He introduces a concept he calls ‘default to truth’ (a catchier version of psychologist Tim Levine’s truth-default theory), the idea that “we’re truth-biased.” The theory posits “for what turn out to be good reasons, we give people the benefit of the doubt and assume that the people we’re talking to are being honest.” This has broad implications for everything from interactions with loved ones to global politics. Through a variety of stories that include the Sandra Bland case, Hitler, and an undercover CIA operative. Gladwell had me as a reader stopping to consider my own interactions with others and when my ‘default to truth’ bias has come into play.

Book Highlights:

Throughout the majority of human history, encounters—hostile or otherwise—were rarely between strangers. The people you met and fought often believed in the same God as you, built their buildings and organized their cities in the same way you did, fought their wars with the same weapons according to the same rules.

Transparency is the idea that people’s behavior and demeanor—the way they represent themselves on the outside—provides an authentic and reliable window into the way they feel on the inside. It is the second of the crucial tools we use to make sense of strangers. When we don’t know someone, or can’t communicate with them, or don’t have the time to understand them properly, we believe we can make sense of them through their behavior and demeanor.

Accurately and quickly communicating our emotions to one another was of such crucial importance to the survival of the human species, he argued, that the face had developed into a kind of billboard for the heart. Darwin’s idea is deeply intuitive. Children everywhere smile when they are happy, frown when they are sad, and giggle when they are amused, don’t they?

“The participants in all conditions grossly overestimated their surprise expressivity,” Schützwohl wrote. Why? They “inferred their likely facial expressions to the surprising event from…folk-psychological beliefs about emotion-face associations.” Folk psychology is the kind of crude psychology we glean from cultural sources such as sitcoms. But that is not the way things happen in real life. Transparency is a myth—an idea we’ve picked up from watching too much television and reading too many novels where the hero’s “jaw dropped with astonishment” or “eyes went wide with surprise.” Schützwohl went on: “The participants apparently reasoned that, since they felt surprised, and since surprise is associated with a characteristic facial display, they must have shown this display. In most cases, this inference was erroneous.”

We need the criminal-justice system and the hiring process and the selection of babysitters to be human. But the requirement of humanity means that we have to tolerate an enormous amount of error. That is the paradox of talking to strangers. We need to talk to them. But we’re terrible at it—and, as we’ll see in the next two chapters, we’re not always honest with one another about just how terrible at it we are.

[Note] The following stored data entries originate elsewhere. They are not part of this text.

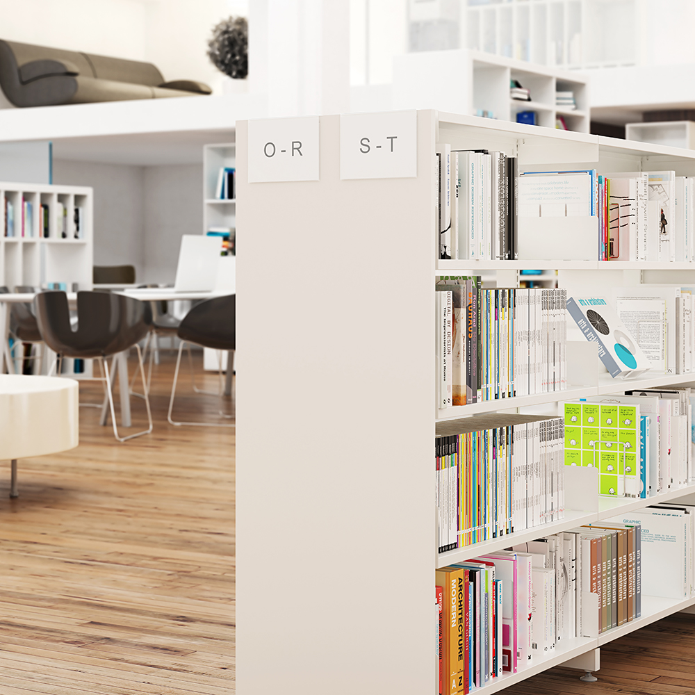 Porte affiche en acrylique anti-reflet pour panneau d’extrémité de rayonnage bois (max 22 mm) ou bac à livres (max 20 mm).
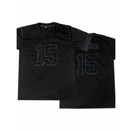 Men'S Black # 15 Breathable Rugby Shirt, Sports V-neck Short Sleeve Training Match Uniform, Embroidered American Football Shirt
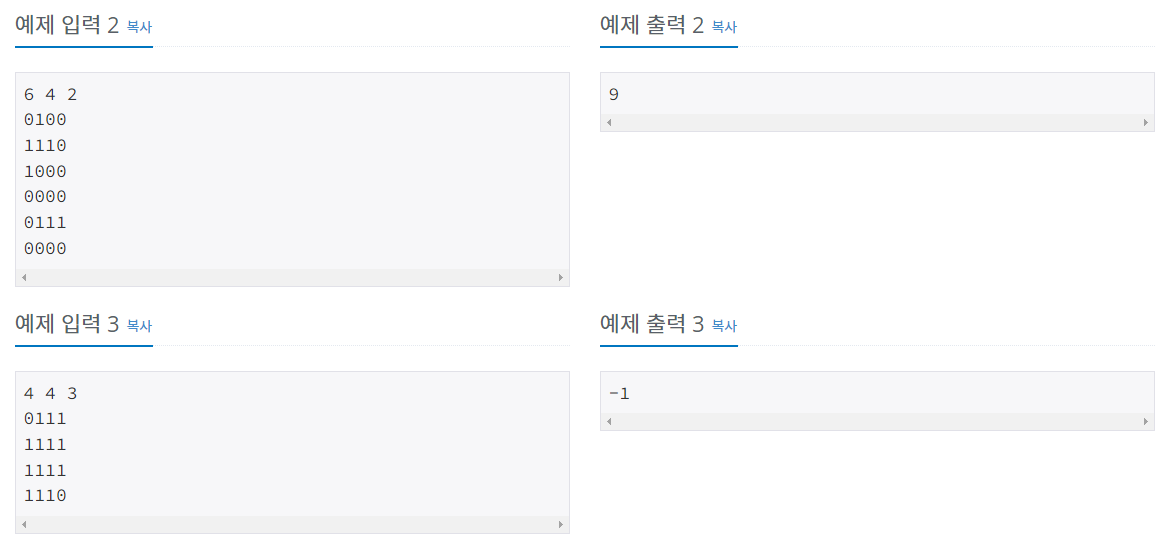 첫째 줄에 N(1 ≤ N ≤ 1,000), M(1 ≤ M ≤ 1,000), K(1 ≤ K ≤ 10)이 주어진다. 다음 N개의 줄에 M개의 숫자로 맵이 주어진다. (1, 1)과 (N, M)은 항상 0이라고 가정하자.
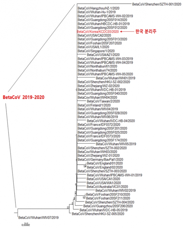 질병관리본부가 공개한 바이러스 유전정보에 따르면, 분리된 바이러스는 중국(우한, 광동), 프랑스, 싱가포르, 독일 등 국외에서 분리된 바이러스와 염기서열이 일치(99.5~99.9%)했으며, 의미 있는 유전자 변이는 발견되지 않았다.
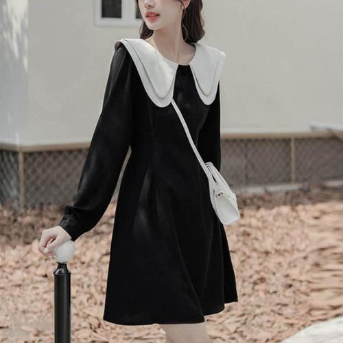사랑스러운 빅카라 포인트 짧은 미니 긴팔원피스 허리끈 A라인 WFLS32G
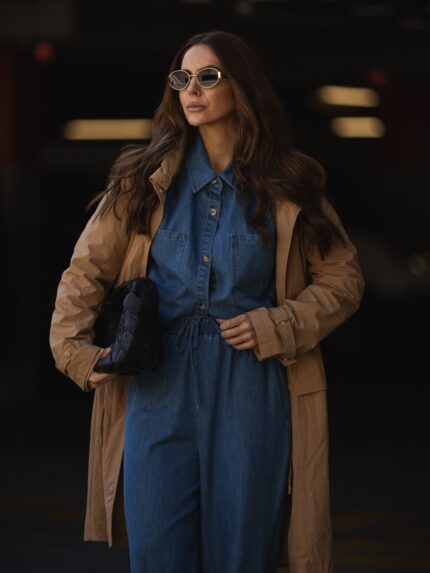 Vestido midi oversize feminino com um elegante decote em V, oferecendo um visual moderno e descontraído.
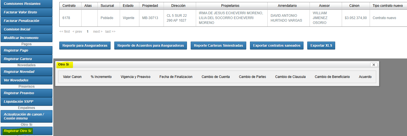 - Cambio de cuenta, Ingresar al contrato/Pagos/Seleccionando el propietario al que se le debe cambiar al beneficiario y realizar el cambio en el campo de cuenta.
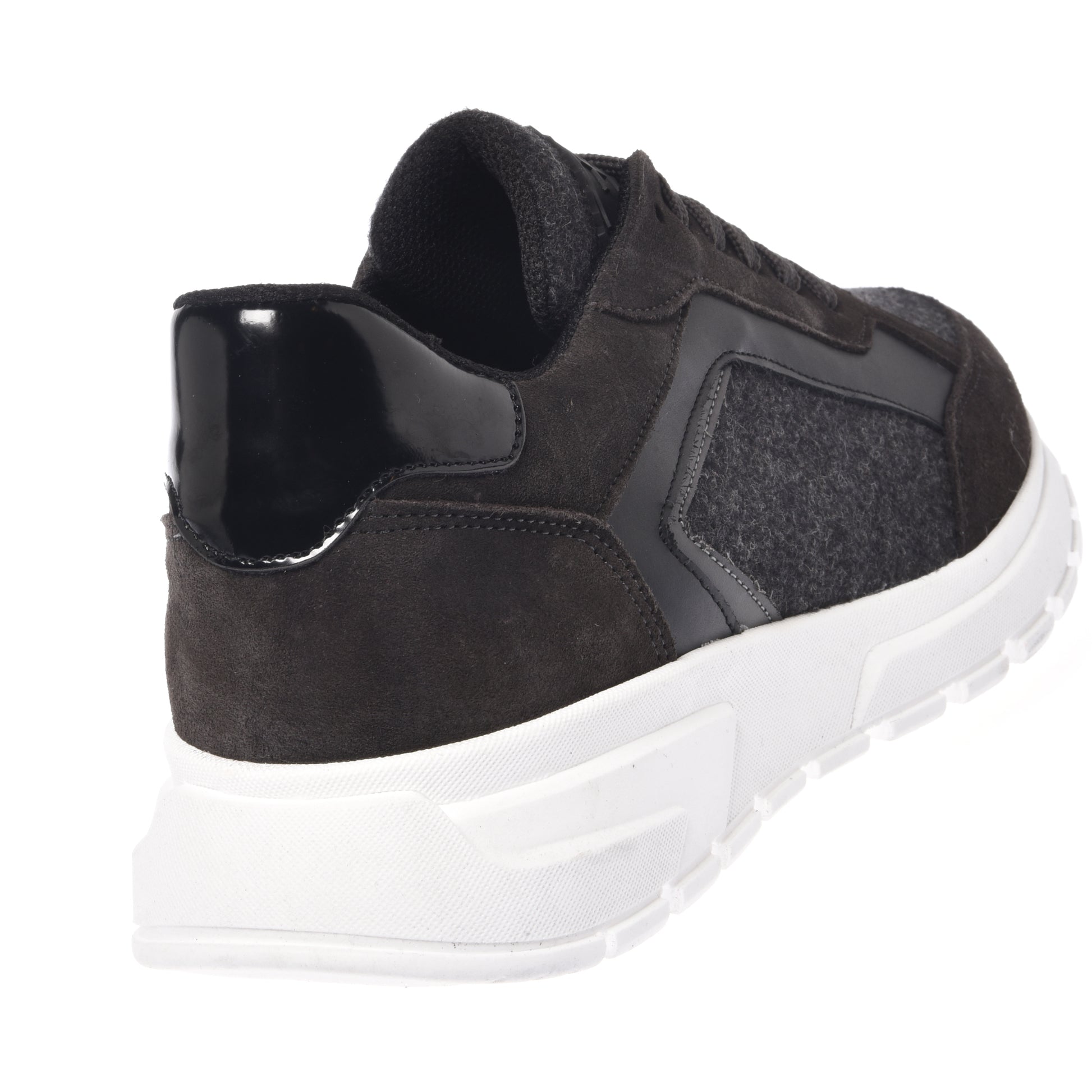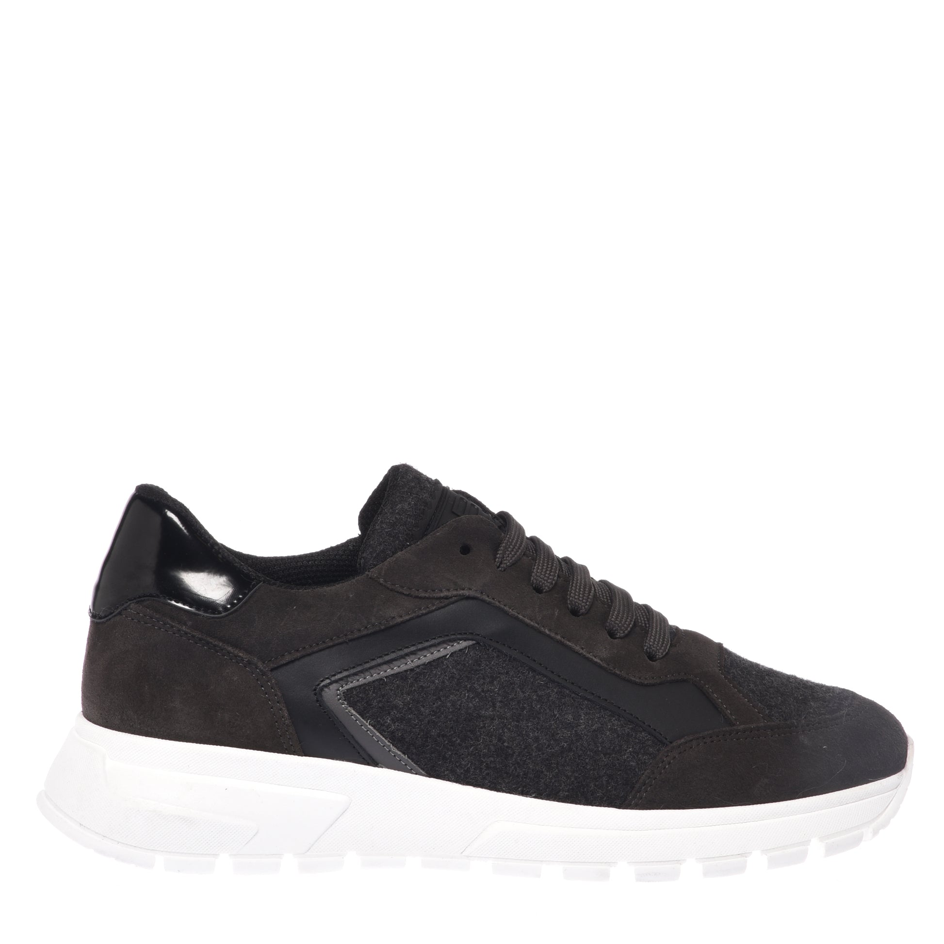 Sneakers in pelle scamosciata e tessuto di lana grigio scuro

…most of us aren’t very good at lie detection. On average, judges correctly identify liars 54 percent of the time—just slightly better than chance. This is true no matter who does the judging. Students are terrible. FBI agents are terrible. CIA officers are terrible. Lawyers are terrible. There may be a handful of “super-detectors” who beat the odds. But if there are, they are rare. Why?

We’re truth-biased. For what turn out to be good reasons, we give people the benefit of the doubt and assume that the people we’re talking to are being honest. But Levine wasn’t satisfied with that explanation. The problem is clearly deeper than truth-default. In particular, he was struck by the finding that lies are most often detected only after the fact—weeks, months, sometimes years later.

We think liars in real life behave like liars would on Friends—telegraphing their internal states with squirming and darting eyes.

When a liar acts like an honest person, though, or when an honest person acts like a liar, we’re flummoxed. Nervous Nelly is mismatched. She looks like she’s lying, but she’s not. She’s just nervous! In other words, human beings are not bad lie detectors. We are bad lie detectors in those situations when the person we’re judging is mismatched.

Many of those who study alcohol no longer consider it an agent of disinhibition. They think of it as an agent of myopia.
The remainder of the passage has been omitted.